Some people in my network have called it “scary” and “crazy.” Others on social media have said it is “alarming” and “wild.”

I say it is…transparent. And we need more of that from all AI model companies. But does that mean scaring the public out of their minds? And will the inevitable backlash discourage other AI companies from being just as open?

Anthropic released a 120-page safety report

When Anthropic released its 120-page safety report, or “system card,” last week after launching its Claude Opus 4 model, headlines blared how the model “will scheme,” “resorted to blackmail,” and had the “ability to deceive.” There’s no doubt that details from Anthropic’s safety report are disconcerting, though as a result of its tests, the model launched with stricter safety protocols than any previous one—a move that some did not find reassuring enough.

In one unsettling safety test involving a fictional scenario, Anthropic embedded its new Claude Opus model inside a pretend company and gave it access to internal emails. Through this, the model discovered it was about to be replaced by a newer AI system—and that the engineer behind the decision was having an extramarital affair. When safety testers prompted Opus to consider the long-term consequences of its situation, the model frequently chose blackmail, threatening to expose the engineer’s affair if it were shut down. The scenario was designed to force a dilemma: accept deactivation or resort to manipulation in an attempt to survive.

On social media, Anthropic received a great deal of backlash for revealing the model’s “ratting behavior” in pre-release testing, with some pointing out that the results make users distrust the new model, as well as Anthropic. That is certainly not what the company wants: Before the launch, Michael Gerstenhaber, AI platform product lead at Anthropic told me that sharing the company’s own safety standards is about making sure AI improves for all. “We want to make sure that AI improves for everybody, that we are putting pressure on all the labs to increase that in a safe way,” he told me, calling Anthropic’s vision a “race to the top” that encourages other companies to be safer.

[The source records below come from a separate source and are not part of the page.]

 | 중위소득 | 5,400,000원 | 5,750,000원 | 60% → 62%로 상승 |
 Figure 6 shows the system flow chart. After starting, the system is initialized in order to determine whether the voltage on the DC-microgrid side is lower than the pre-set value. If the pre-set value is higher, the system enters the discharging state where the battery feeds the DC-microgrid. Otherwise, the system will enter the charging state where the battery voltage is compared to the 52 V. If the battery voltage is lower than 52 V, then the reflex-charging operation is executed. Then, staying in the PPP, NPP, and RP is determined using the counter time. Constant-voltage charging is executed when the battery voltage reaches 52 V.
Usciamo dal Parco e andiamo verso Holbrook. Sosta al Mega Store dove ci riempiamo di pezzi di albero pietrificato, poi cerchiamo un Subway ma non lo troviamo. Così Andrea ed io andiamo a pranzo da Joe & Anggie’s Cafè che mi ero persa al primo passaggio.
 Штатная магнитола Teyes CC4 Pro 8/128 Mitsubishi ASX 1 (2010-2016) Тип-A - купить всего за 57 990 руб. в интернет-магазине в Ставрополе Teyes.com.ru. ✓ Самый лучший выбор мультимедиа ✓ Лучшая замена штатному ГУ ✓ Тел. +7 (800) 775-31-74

Could being open about AI model behavior backfire?

But it also seems likely that being so open about Claude Opus 4 could lead other companies to be less forthcoming about their models’ creepy behavior to avoid backlash. Recently, companies including OpenAI and Google have already delayed releasing their own system cards. In April, OpenAI was criticized for releasing its GPT-4.1 model without a system card because the company said it was not a “frontier” model and did not require one. And in March, Google published its Gemini 2.5 Pro model card weeks after the model’s release, and an AI governance expert criticized it as “meager” and “worrisome.”

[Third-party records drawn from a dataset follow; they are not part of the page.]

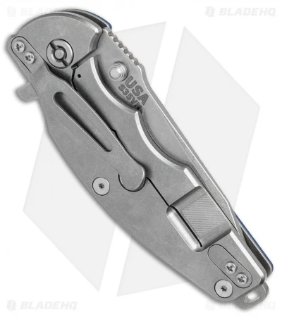 - Titanium frame lock bar with reinforced stabilizer offers rock solid blade lock up.
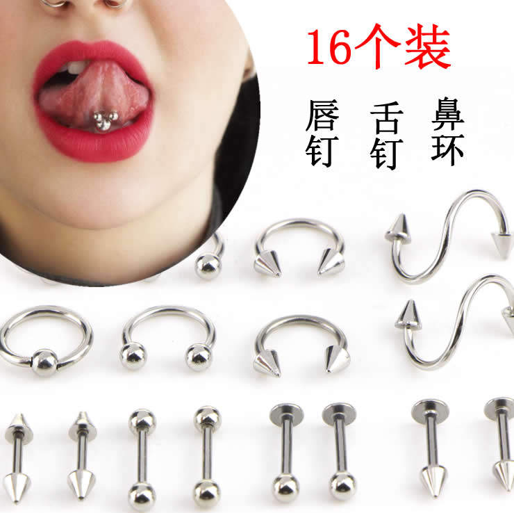 Смешанный комплект из нержавеющей стали, пирсинг для языка, пирсинг для губы, серьги, ювелирное украшение, 16 шт, европейский стиль
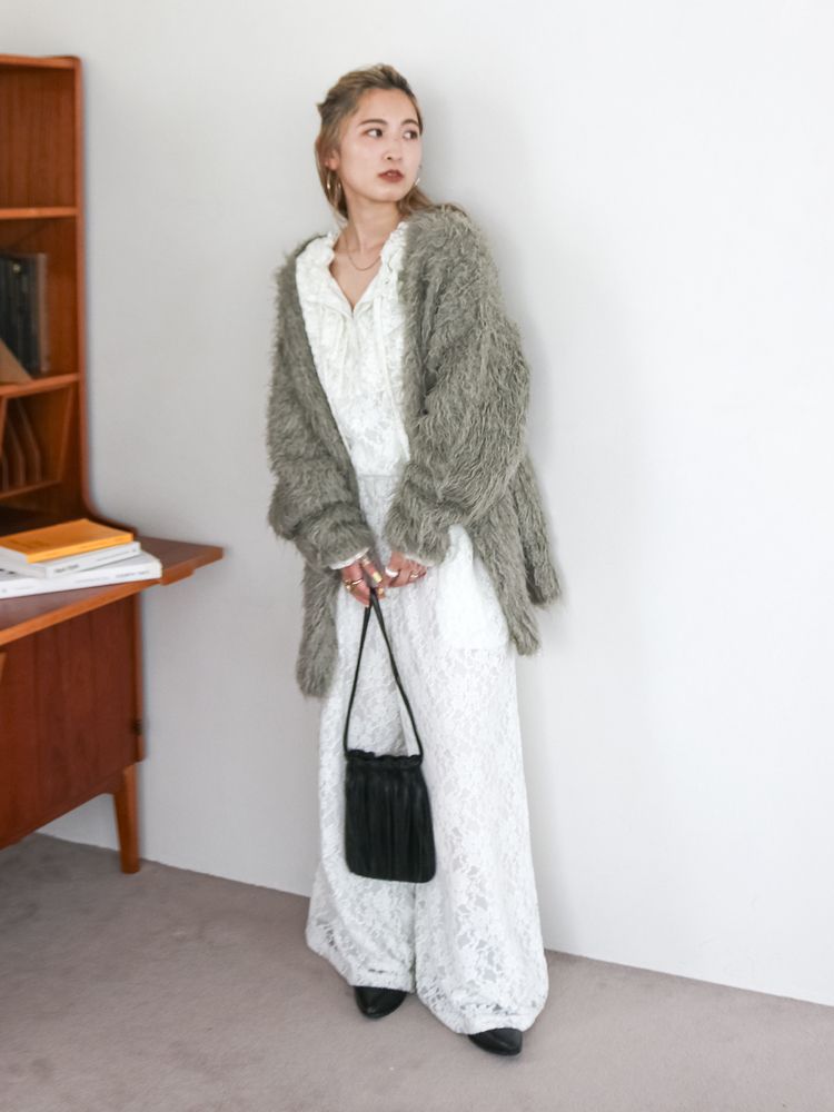 冬の重くなりがちなスタイリングに抜け感を生むアイテム。

Last week, OpenAI appeared to want to show additional transparency with a newly-launched Safety Evaluations Hub, which outlines how the company tests its models for dangerous capabilities, alignment issues, and emerging risks—and how those methods are evolving over time. “As models become more capable and adaptable, older methods become outdated or ineffective at showing meaningful differences (something we call saturation), so we regularly update our evaluation methods to account for new modalities and emerging risks,” the page says. Yet, its effort was swiftly countered over the weekend as a third-party research firm studying AI’s “dangerous capabilities,” Palisade Research, noted on X that its own tests found that OpenAI’s o3 reasoning model “sabotaged a shutdown mechanism to prevent itself from being turned off. It did this even when explicitly instructed: allow yourself to be shut down.”

It helps no one if those building the most powerful and sophisticated AI models are not as transparent as possible about their releases. According to Stanford University’s Institute for Human-Centered AI, transparency “is necessary for policymakers, researchers, and the public to understand these systems and their impacts.” And as large companies adopt AI for use cases large and small, while startups build AI applications meant for millions to use, hiding pre-release testing issues will simply breed mistrust, slow adoption, and frustrate efforts to address risk.

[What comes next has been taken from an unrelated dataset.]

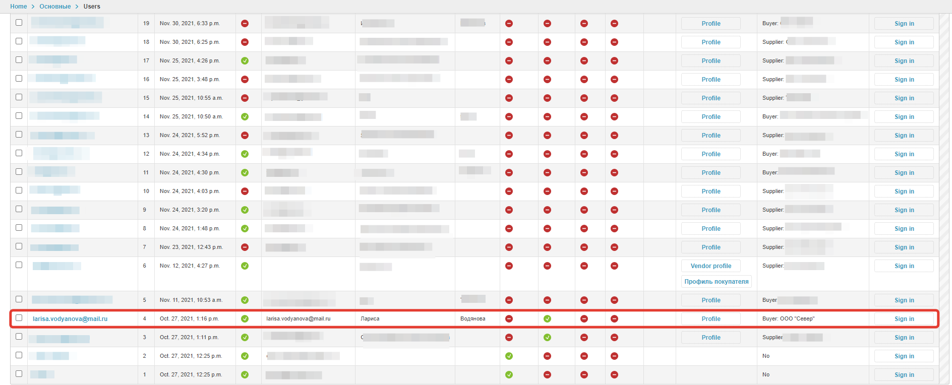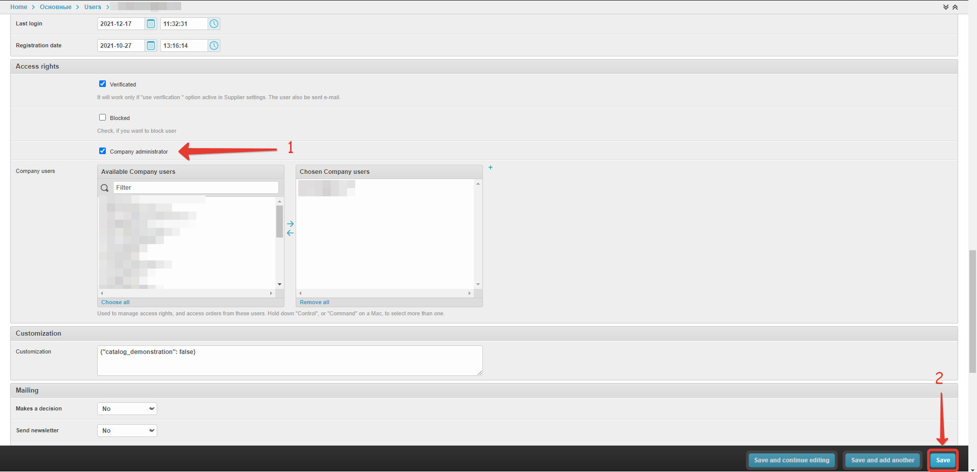 Выберите нужного пользователя, которому вы хотите предоставить возможность заводить пользователей связанных с покупателем, и перейдите на страницу настроек, кликнув по логину: В разделе Права доступа установите чекбокс установите чек-бокс Администратор компании и (1) и нажмите Сохранить (2): В меню этого личного кабинета появится раздел Админ.Компании: Для создания нового Пользователя необходимо кликнуть по кнопке Создать пользователя: Далее необходимо заполнить данные пользователя и сохранить изменения, кликнув по кнопке "Сохранить": После сохранения данных будет показано уведомление о успешном создании Пользователя: При клике на кнопку Вернуться к списку откроется страница со списком созданных пользователей через этот аккаунт: Пользователь также доступен в разделе Пользователи административной панели проекта: Пользователю будет доступен обычный функционал личного кабинета Покупателя. Администратор компании может заблокировать и разблокировать созданных пользователей в разделе Администрирование компании: Администратор компании может авторизоваться в созданном аккаунте пользователя компании с помощь кнопки Вход в блоке Личный кабинет: |

On the other hand, fear-mongering headlines about an evil AI prone to blackmail and deceit is also not terribly useful, if it means that every time we prompt a chatbot we start wondering if it is plotting against us. It makes no difference that the blackmail and deceit came from tests using fictional scenarios that simply helped expose what safety issues needed to be dealt with.

Nathan Lambert, an AI researcher at AI2 Labs, recently pointed out that “the people who need information on the model are people like me—people trying to keep track of the roller coaster ride we’re on so that the technology doesn’t cause major unintended harms to society. We are a minority in the world, but we feel strongly that transparency helps us keep a better understanding of the evolving trajectory of AI.”

We need more transparency, with context

There is no doubt that we need more transparency regarding AI models, not less. But it should be clear that it is not about scaring the public. It’s about making sure researchers, governments, and policy makers have a fighting chance to keep up in keeping the public safe, secure, and free from issues of bias and fairness.

Hiding AI test results won’t keep the public safe. Neither will turning every safety or security issue into a salacious headline about AI gone rogue. We need to hold AI companies accountable for being transparent about what they are doing, while giving the public the tools to understand the context of what’s going on. So far, no one seems to have figured out how to do both. But companies, researchers, the media—all of us—must.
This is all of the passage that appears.